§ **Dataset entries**
+ + + + + + +
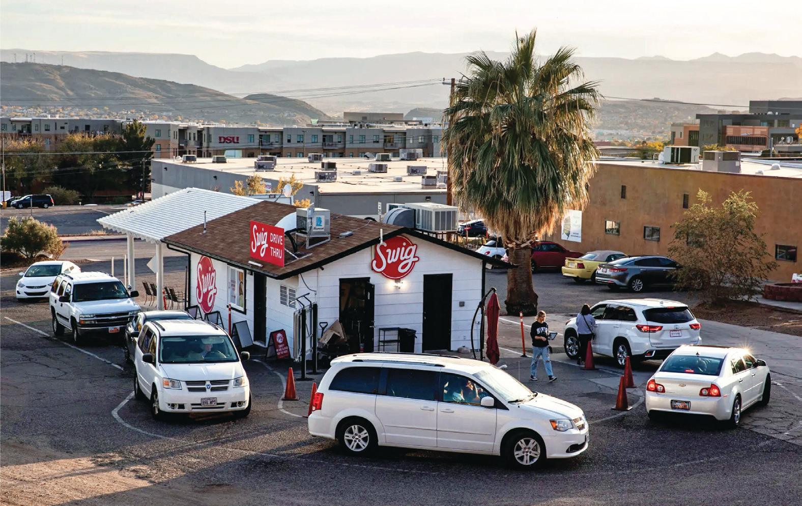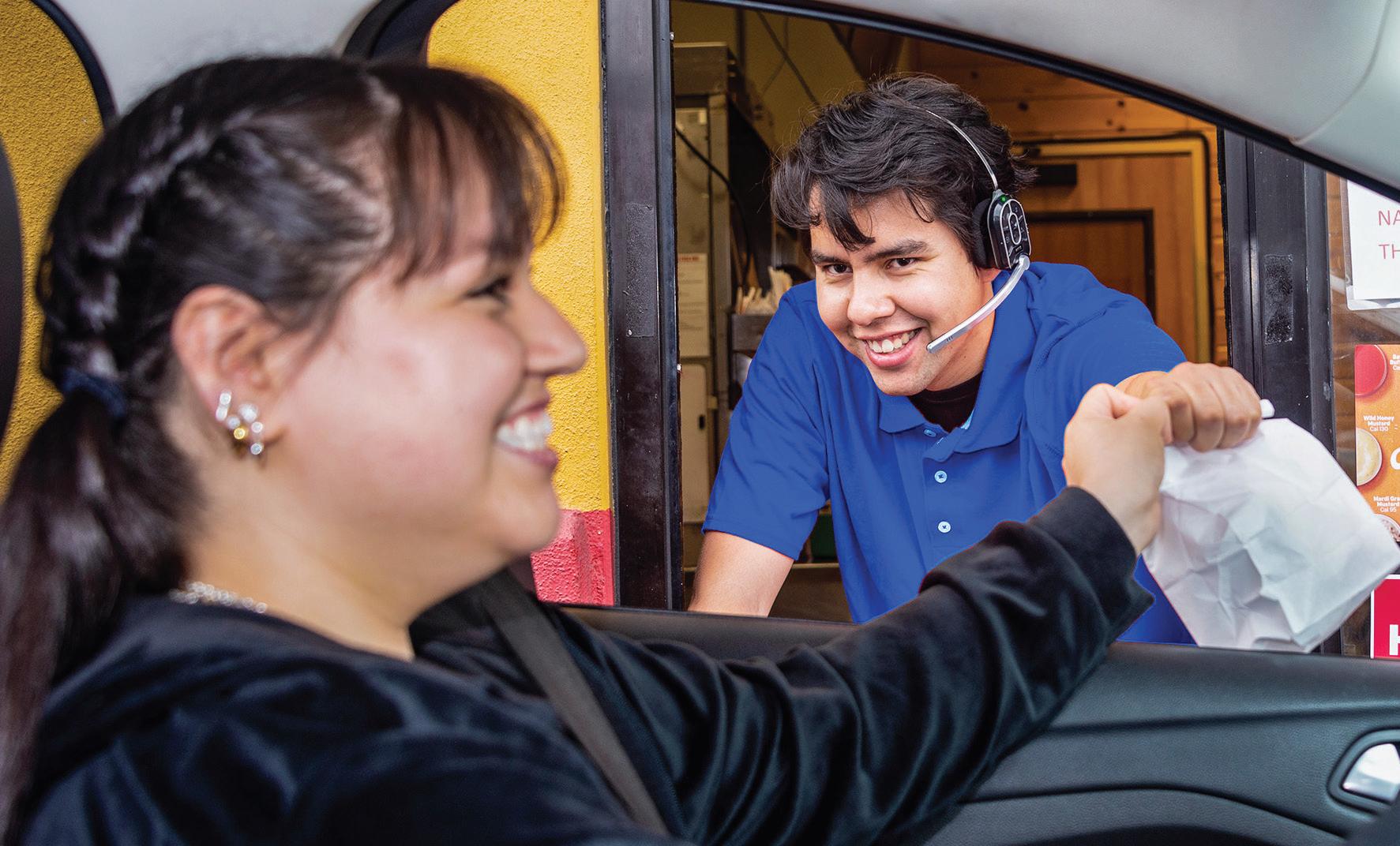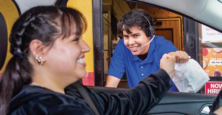 Bo lenecks, particularly at order points, can significantly impede drive-thru e ciency. Typically, customers may take 30–45 seconds to place an order at fi xed menuboards, causing delays even before timing begins. Brands like Swig are pioneering the adoption of advanced drive-thru technologies, such as upstream ordering, to prioritize throughput over mere speed. is approach does not aim to meet a standard time goal per car but ensures a steady flow of vehicles, potentially serving up to 120 cars per hour. Swig, using Crisp Restaurant Technology, has become known for operating one of the nation’s fastest beverage drive thrus. More than just facilitating rapid service, Swig enhances the customer experience with face-toface interactions at the ordering point and streamlines the process by using Crisp’s technology to quickly access customers’ favorite drinks through a mobile POS based on loyalty information.
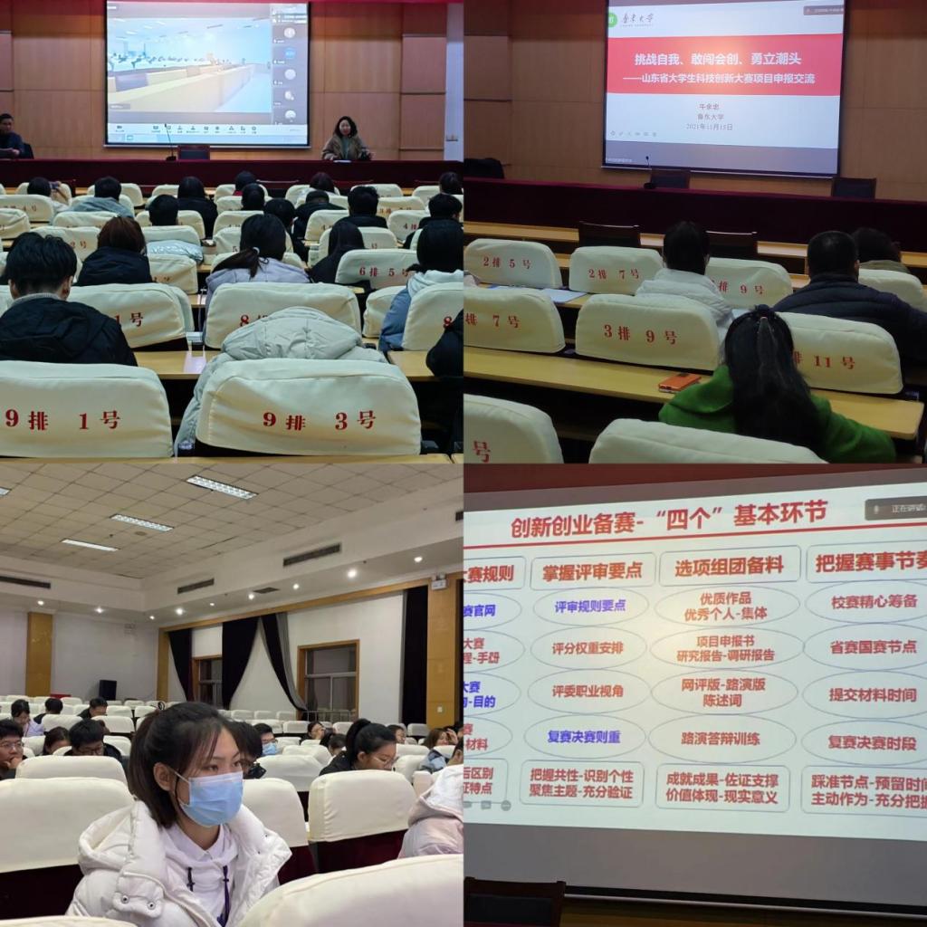 牛余忠教授结合自身的教学科研经历和多年指导大学生科创比赛的经验,以《挑战自我、敢闯会创、勇立潮头——山东省大学生科技创新大赛项目申报交流》为题做了一场精彩的汇报。牛教授从大学生创新创业竞赛“为什么”和“怎么做”两个角度,介绍了大学生创新创业是国家战略导向和高校发展的自身需求,对科创比赛的“科学性”、“创新性”和“实用性”进行了精准的解读,并从“通晓大赛规则、掌握评审要点、选项组团备料、把握赛事节奏”四个方面介绍了备赛的基本环节,随后就大家所关心的山东省大学生科技创新大赛项目申报书的撰写和评审指标进行了详细分析,最后对我校项目申报中学生遇到的问题进行了一一解答。
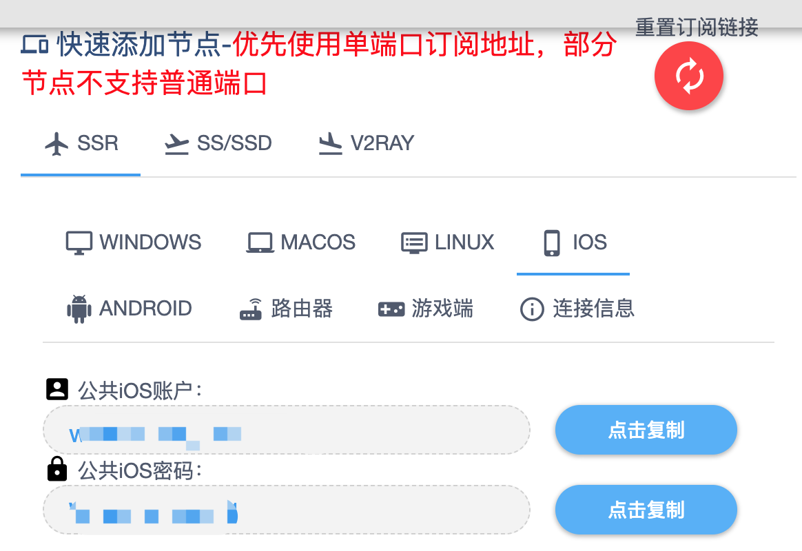 - 依次选择【SSR】—【IOS】,找到公共的App Store 账号和密码
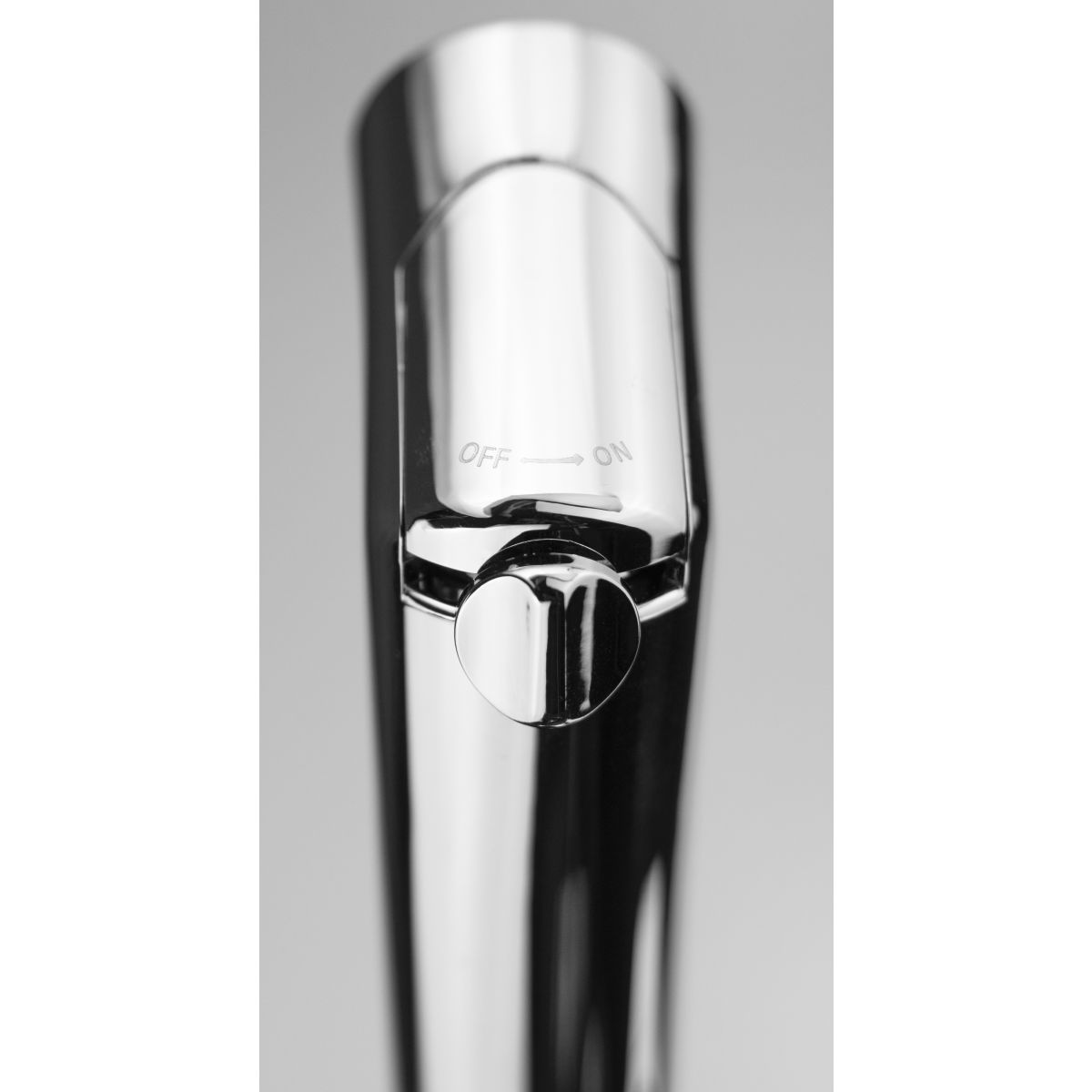 Die Handbrause mit Punktgriff, glänzend verchromt, verfügt über eine Start-Stopp-Funktion, mit der der Wasserfluss mit einem einzigen Schieber gesteuert werden kann. Durch Verschieben des Elements entlang der Achse wird die Wassermenge erhöht, wobei der Strahl entsprechend den Markierungen „OFF” und „ON” ein- und ausgeschaltet wird. Das Produkt ist ideal für den Einsatz im Badezimmer und sorgt für Komfort und Hygiene.
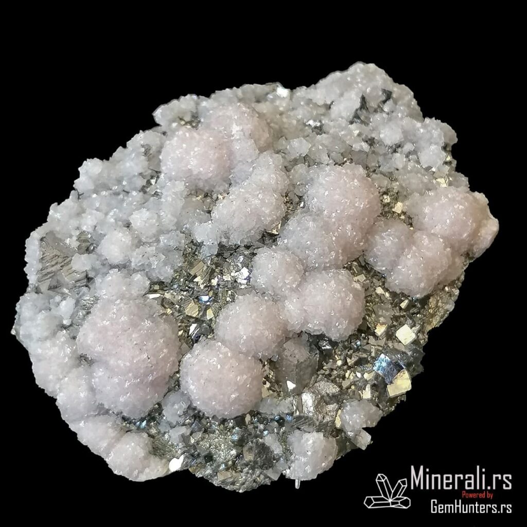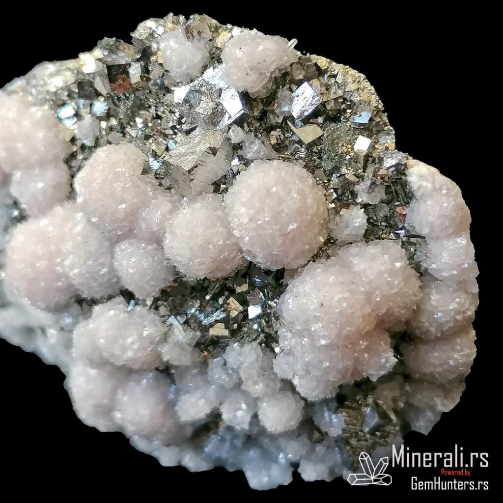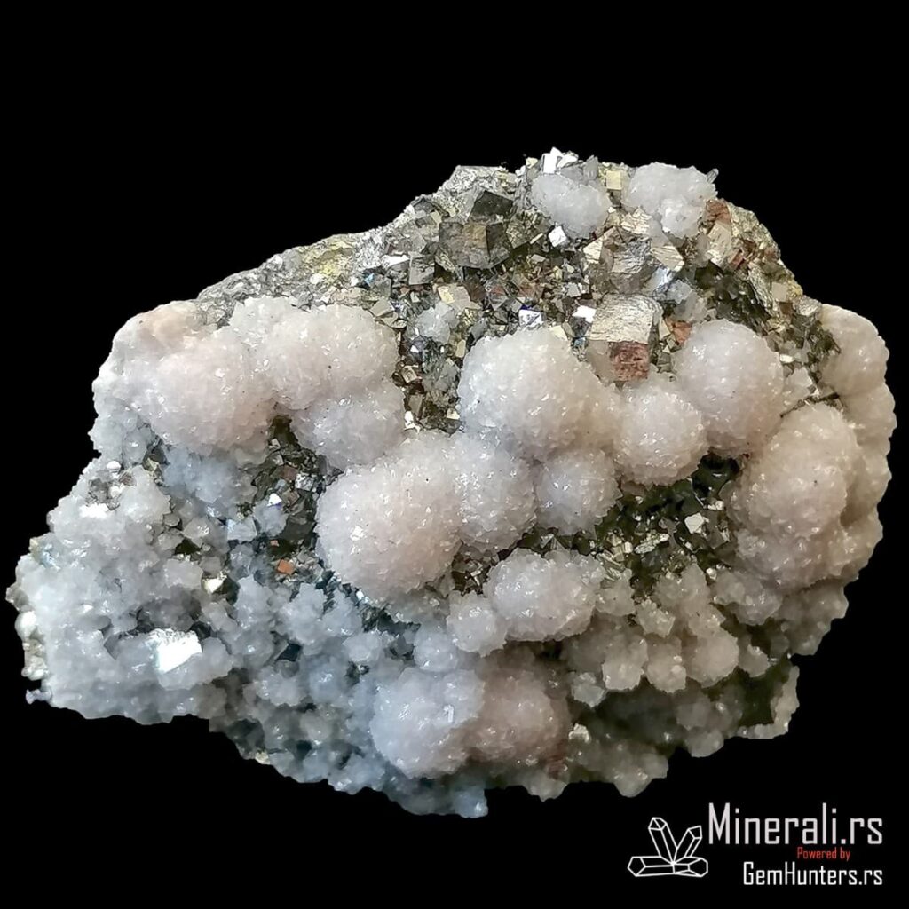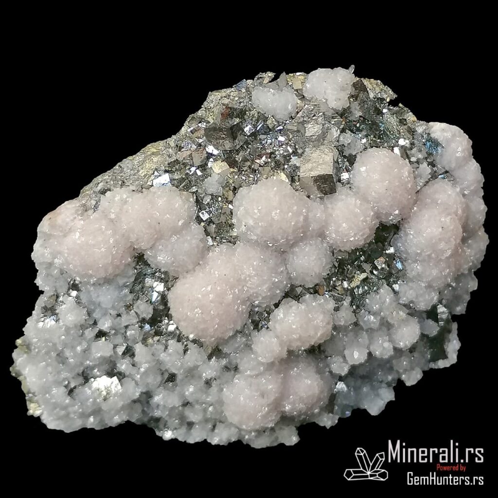 Arsenopirit iz Trepče je jedan od karakterističnih minerala ovog poznatog rudnog ležišta. Kristali arsenopirita su prepoznatljivi po svom metalnom sjaju, srebrnosivim tonovima i jasno izraženim prizmatičnim oblicima. U ovom uzorku, oni su u kontrastu sa sferoidnim agregatima kalcita mlečno bele boje, što čini kompoziciju vizuelno vrlo atraktivnom.
+ + + + + + +
§ **Exercise goal**
No pictures should appear in the copy. Print exactly the lines above from the line containing "- 依次选择【SSR】—【IOS】,找到公共的App Store 账号和密码" through the last line of the data.

§ **Reply**
 - 依次选择【SSR】—【IOS】,找到公共的App Store 账号和密码
 Die Handbrause mit Punktgriff, glänzend verchromt, verfügt über eine Start-Stopp-Funktion, mit der der Wasserfluss mit einem einzigen Schieber gesteuert werden kann. Durch Verschieben des Elements entlang der Achse wird die Wassermenge erhöht, wobei der Strahl entsprechend den Markierungen „OFF” und „ON” ein- und ausgeschaltet wird. Das Produkt ist ideal für den Einsatz im Badezimmer und sorgt für Komfort und Hygiene.
 Arsenopirit iz Trepče je jedan od karakterističnih minerala ovog poznatog rudnog ležišta. Kristali arsenopirita su prepoznatljivi po svom metalnom sjaju, srebrnosivim tonovima i jasno izraženim prizmatičnim oblicima. U ovom uzorku, oni su u kontrastu sa sferoidnim agregatima kalcita mlečno bele boje, što čini kompoziciju vizuelno vrlo atraktivnom.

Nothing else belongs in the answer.